Data —
+++

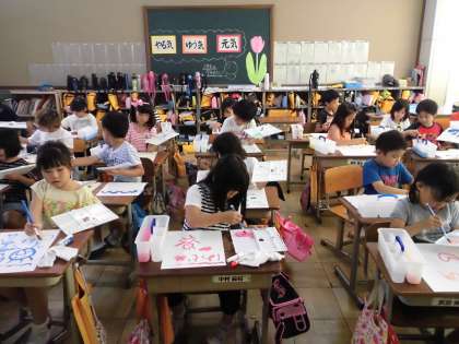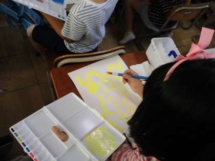 初めての絵具の学習で、それぞれ好きなように筆を走らせ、
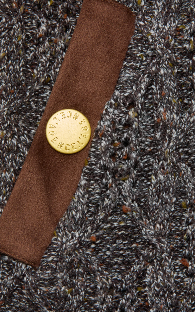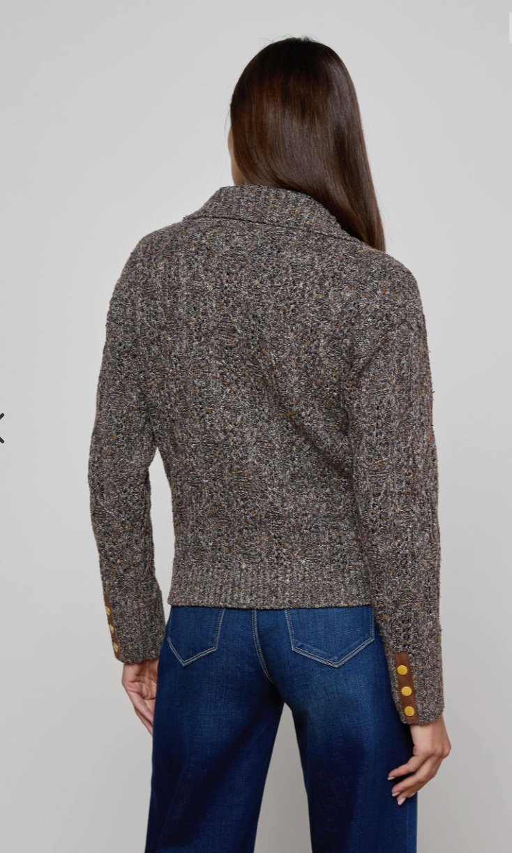 L'Agence Shiloh Suede Trim Cable Cardigan Carafe Brown
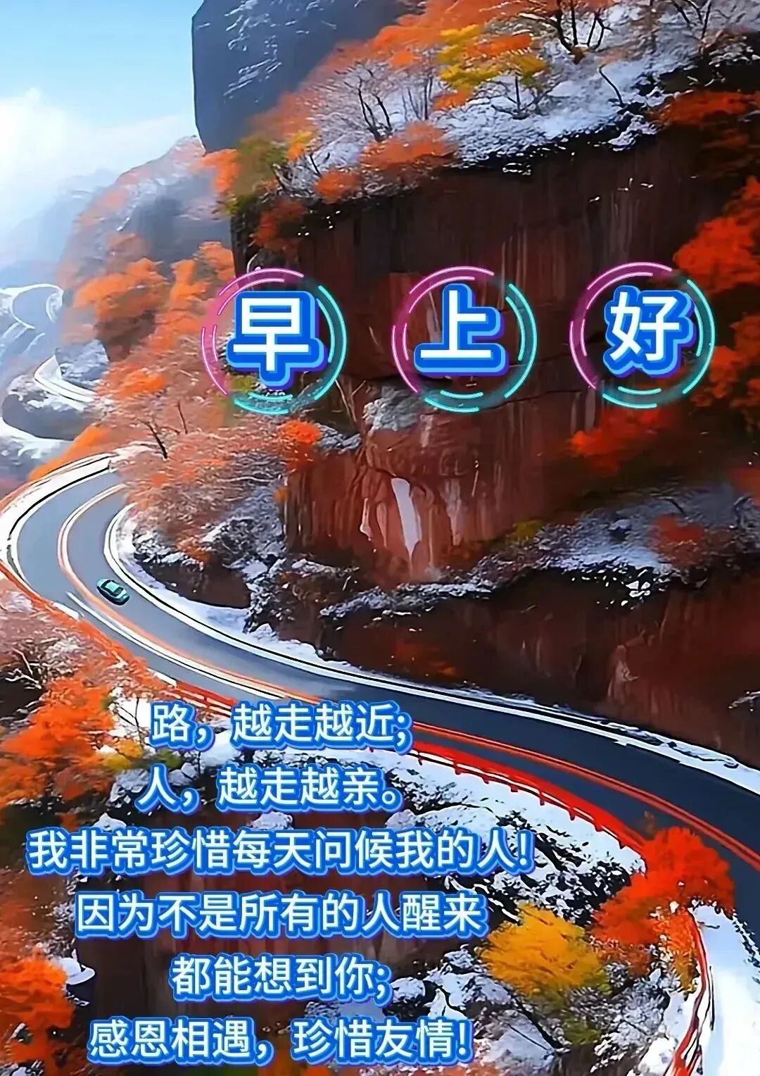 风儿是调皮的画家,用晨雾当颜料,在天空的画布上涂出淡蓝;阳光是金色的笔,在叶尖上画出露珠;鸟鸣是音符,在枝桠间谱出旋律——早安,愿这画,比秋日的枫叶更醉人。
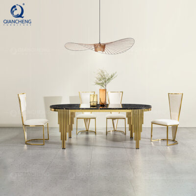 Nội thất Qianchen bán buôn bàn ăn bằng đá cẩm thạch mới bàn ăn hình chữ nhật nhẹ sang trọng bàn ăn inox cao cấp bàn ăn kết hợp
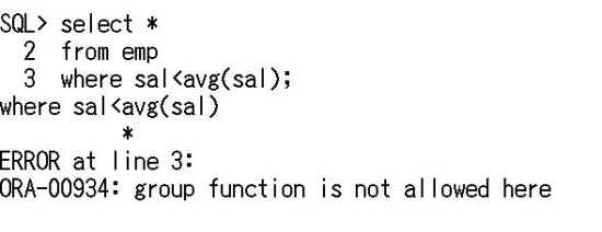 where절은 모든 행별로 조건을 검색하므로 그룹함수의 속성과 어울리지 않습니다. 따라서 where절에서는 그룹함수를 사용할 수 없습니다. where절에 사용하는 경우 다음과 같이 에러메시지가 나타납니다.
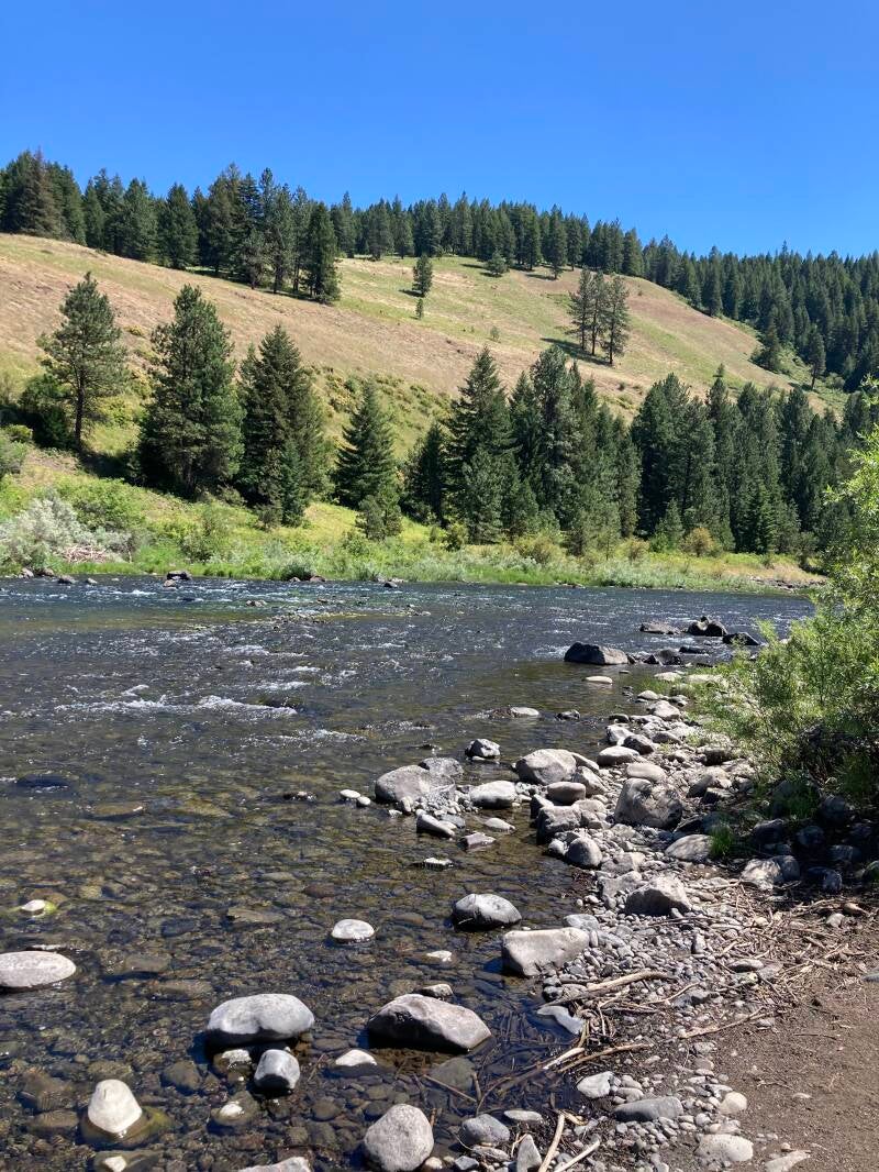 Drove through the morning over many miles of hilly wheat fields, not a tree in sight. Lovely drive. Had breakfast in Walla Waslla, WA. Had to go to Starbucks because the “good” place in town (according to YELP) was insanely busy. I couldn’t wait, had to have something NOW. The downtown Walla Walla area was a very pleasant pedestrian area. The day was beginning to heat up. From Walla Walla we went south down into Eastern Oregon again. Then, before Pendleton, we turned east at Weston and drove back into wooded parkland. Using the Forest Service app, we found a “dispersed camping” location on BLM land. We found it after a bit of driving, and pulled up beside the Grand Ronde River. Spent the afternoon parked at the top of the boat launch, since the other campsites were occupied. The ranger came by to chat. He said we could stay where we were to camp, OR there was another camping spot on the river very nearby. After he left, we moved to that other spot. It was lots more secluded and an even better/closer view of the river. We are staying here tonight.
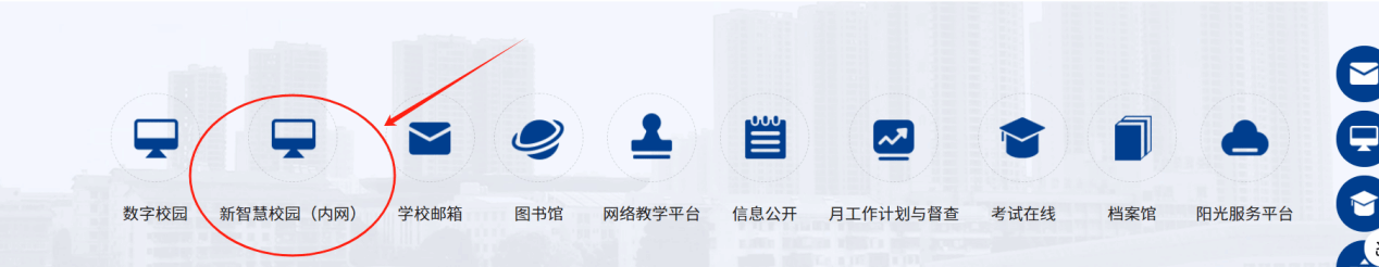 一、打开学校官网,在学校主页下方点击“新智慧校园(内网)”
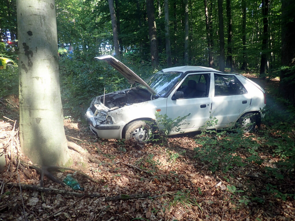 Vůz skončil po nehodě v lese nedaleko obce Štítná nad Vláří-Popov, řidič byl převezen do nemocnice
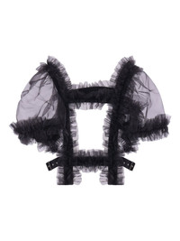 ruffled top Highlights - Black - Ruffle trim - Wool attachments - Buckle fastening Imported Composition Polyester 100%, Wool 100% Washing instructions Read Manufacturer Guidelines
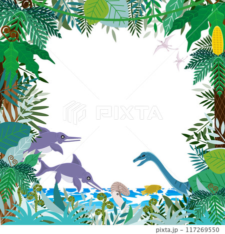 イクチオサウルスとプレシオサウルス 太古の植物とジュラ紀の海の恐竜などのフレーム(背景)

+++

Task brief — Without including the pictures, copy all of the data exactly.

Answer space —
 初めての絵具の学習で、それぞれ好きなように筆を走らせ、
 L'Agence Shiloh Suede Trim Cable Cardigan Carafe Brown
 风儿是调皮的画家,用晨雾当颜料,在天空的画布上涂出淡蓝;阳光是金色的笔,在叶尖上画出露珠;鸟鸣是音符,在枝桠间谱出旋律——早安,愿这画,比秋日的枫叶更醉人。
 Nội thất Qianchen bán buôn bàn ăn bằng đá cẩm thạch mới bàn ăn hình chữ nhật nhẹ sang trọng bàn ăn inox cao cấp bàn ăn kết hợp
 where절은 모든 행별로 조건을 검색하므로 그룹함수의 속성과 어울리지 않습니다. 따라서 where절에서는 그룹함수를 사용할 수 없습니다. where절에 사용하는 경우 다음과 같이 에러메시지가 나타납니다.
 Drove through the morning over many miles of hilly wheat fields, not a tree in sight. Lovely drive. Had breakfast in Walla Waslla, WA. Had to go to Starbucks because the “good” place in town (according to YELP) was insanely busy. I couldn’t wait, had to have something NOW. The downtown Walla Walla area was a very pleasant pedestrian area. The day was beginning to heat up. From Walla Walla we went south down into Eastern Oregon again. Then, before Pendleton, we turned east at Weston and drove back into wooded parkland. Using the Forest Service app, we found a “dispersed camping” location on BLM land. We found it after a bit of driving, and pulled up beside the Grand Ronde River. Spent the afternoon parked at the top of the boat launch, since the other campsites were occupied. The ranger came by to chat. He said we could stay where we were to camp, OR there was another camping spot on the river very nearby. After he left, we moved to that other spot. It was lots more secluded and an even better/closer view of the river. We are staying here tonight.
 一、打开学校官网,在学校主页下方点击“新智慧校园(内网)”
 Vůz skončil po nehodě v lese nedaleko obce Štítná nad Vláří-Popov, řidič byl převezen do nemocnice
 ruffled top Highlights - Black - Ruffle trim - Wool attachments - Buckle fastening Imported Composition Polyester 100%, Wool 100% Washing instructions Read Manufacturer Guidelines
 イクチオサウルスとプレシオサウルス 太古の植物とジュラ紀の海の恐竜などのフレーム(背景)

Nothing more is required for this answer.